# Your assignment
Filter these entries so that only lines with the word "them" remain.

# Records shown
_____

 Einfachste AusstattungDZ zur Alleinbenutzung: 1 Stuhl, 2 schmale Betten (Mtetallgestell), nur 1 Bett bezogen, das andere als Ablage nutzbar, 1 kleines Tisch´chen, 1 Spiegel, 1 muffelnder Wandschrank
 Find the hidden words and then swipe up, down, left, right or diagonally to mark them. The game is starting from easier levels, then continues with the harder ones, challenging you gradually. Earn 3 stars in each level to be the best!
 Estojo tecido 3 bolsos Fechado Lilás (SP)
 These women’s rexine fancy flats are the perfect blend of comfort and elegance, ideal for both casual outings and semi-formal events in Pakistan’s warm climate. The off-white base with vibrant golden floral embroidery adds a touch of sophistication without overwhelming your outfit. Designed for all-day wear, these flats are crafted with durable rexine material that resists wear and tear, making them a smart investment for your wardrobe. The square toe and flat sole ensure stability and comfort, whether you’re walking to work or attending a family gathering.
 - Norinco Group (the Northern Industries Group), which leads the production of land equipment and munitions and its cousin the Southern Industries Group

_____

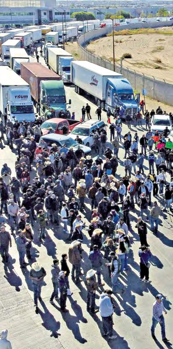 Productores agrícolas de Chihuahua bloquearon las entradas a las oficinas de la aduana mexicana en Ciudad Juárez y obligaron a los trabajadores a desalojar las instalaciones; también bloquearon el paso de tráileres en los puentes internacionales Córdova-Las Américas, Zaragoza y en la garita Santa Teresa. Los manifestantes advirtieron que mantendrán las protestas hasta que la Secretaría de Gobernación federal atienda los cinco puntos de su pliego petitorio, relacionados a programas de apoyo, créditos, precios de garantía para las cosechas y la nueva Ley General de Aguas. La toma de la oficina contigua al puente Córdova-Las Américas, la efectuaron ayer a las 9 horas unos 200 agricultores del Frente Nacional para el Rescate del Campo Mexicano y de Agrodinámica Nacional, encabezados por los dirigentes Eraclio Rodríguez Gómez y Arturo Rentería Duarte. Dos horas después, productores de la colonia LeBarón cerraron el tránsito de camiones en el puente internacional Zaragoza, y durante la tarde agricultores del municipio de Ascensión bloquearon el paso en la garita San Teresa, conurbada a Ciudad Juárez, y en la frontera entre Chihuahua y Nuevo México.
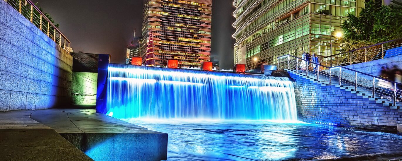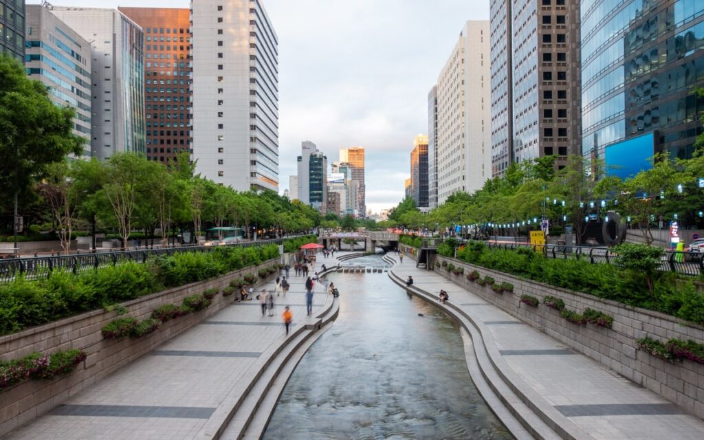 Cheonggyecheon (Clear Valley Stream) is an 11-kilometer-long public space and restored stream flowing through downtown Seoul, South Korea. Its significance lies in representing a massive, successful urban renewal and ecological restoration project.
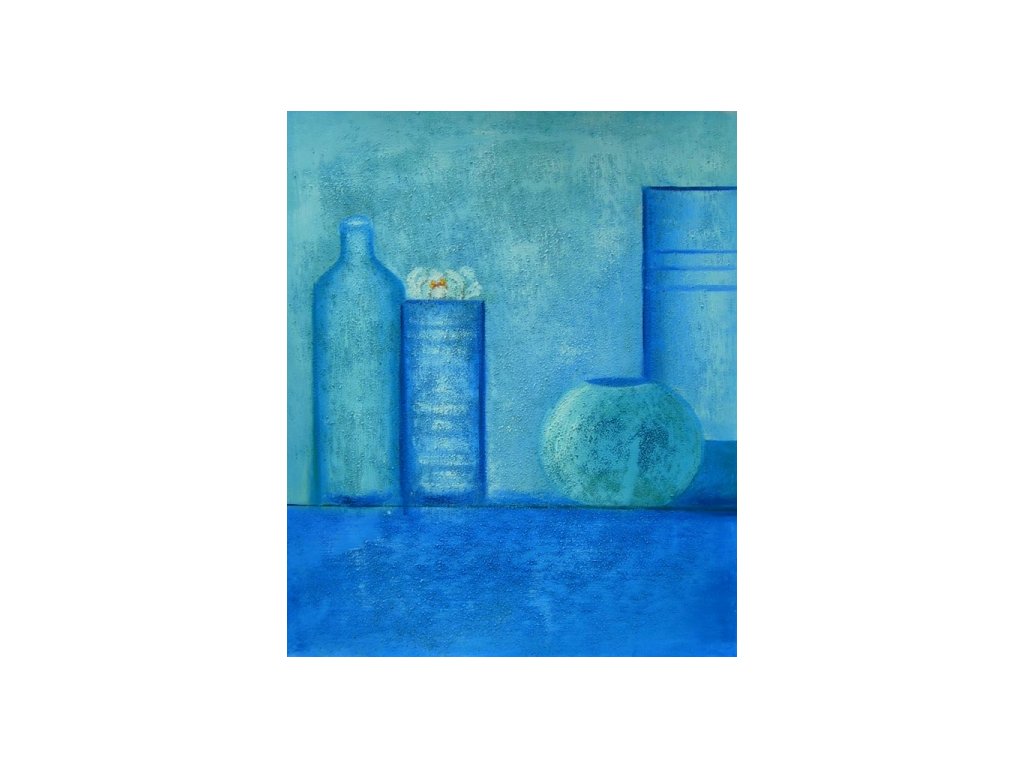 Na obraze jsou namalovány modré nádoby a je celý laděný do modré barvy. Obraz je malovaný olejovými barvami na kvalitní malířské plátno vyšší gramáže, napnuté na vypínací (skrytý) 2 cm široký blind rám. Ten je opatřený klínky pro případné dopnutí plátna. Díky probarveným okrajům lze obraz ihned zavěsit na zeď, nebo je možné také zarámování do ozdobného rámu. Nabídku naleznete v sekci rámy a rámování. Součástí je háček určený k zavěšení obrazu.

_____

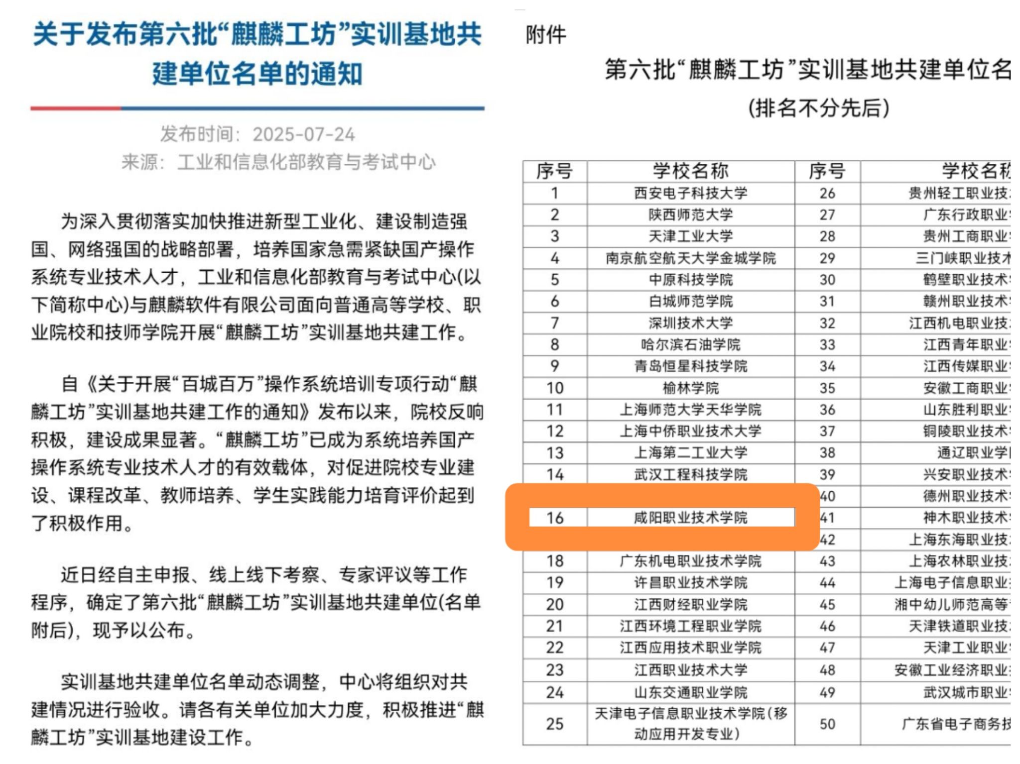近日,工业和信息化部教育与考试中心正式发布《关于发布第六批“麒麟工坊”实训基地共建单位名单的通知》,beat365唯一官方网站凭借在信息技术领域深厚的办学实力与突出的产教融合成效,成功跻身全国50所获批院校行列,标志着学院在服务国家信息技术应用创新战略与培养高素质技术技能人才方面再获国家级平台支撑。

_____

# Task response
 Find the hidden words and then swipe up, down, left, right or diagonally to mark them. The game is starting from easier levels, then continues with the harder ones, challenging you gradually. Earn 3 stars in each level to be the best!
 These women’s rexine fancy flats are the perfect blend of comfort and elegance, ideal for both casual outings and semi-formal events in Pakistan’s warm climate. The off-white base with vibrant golden floral embroidery adds a touch of sophistication without overwhelming your outfit. Designed for all-day wear, these flats are crafted with durable rexine material that resists wear and tear, making them a smart investment for your wardrobe. The square toe and flat sole ensure stability and comfort, whether you’re walking to work or attending a family gathering.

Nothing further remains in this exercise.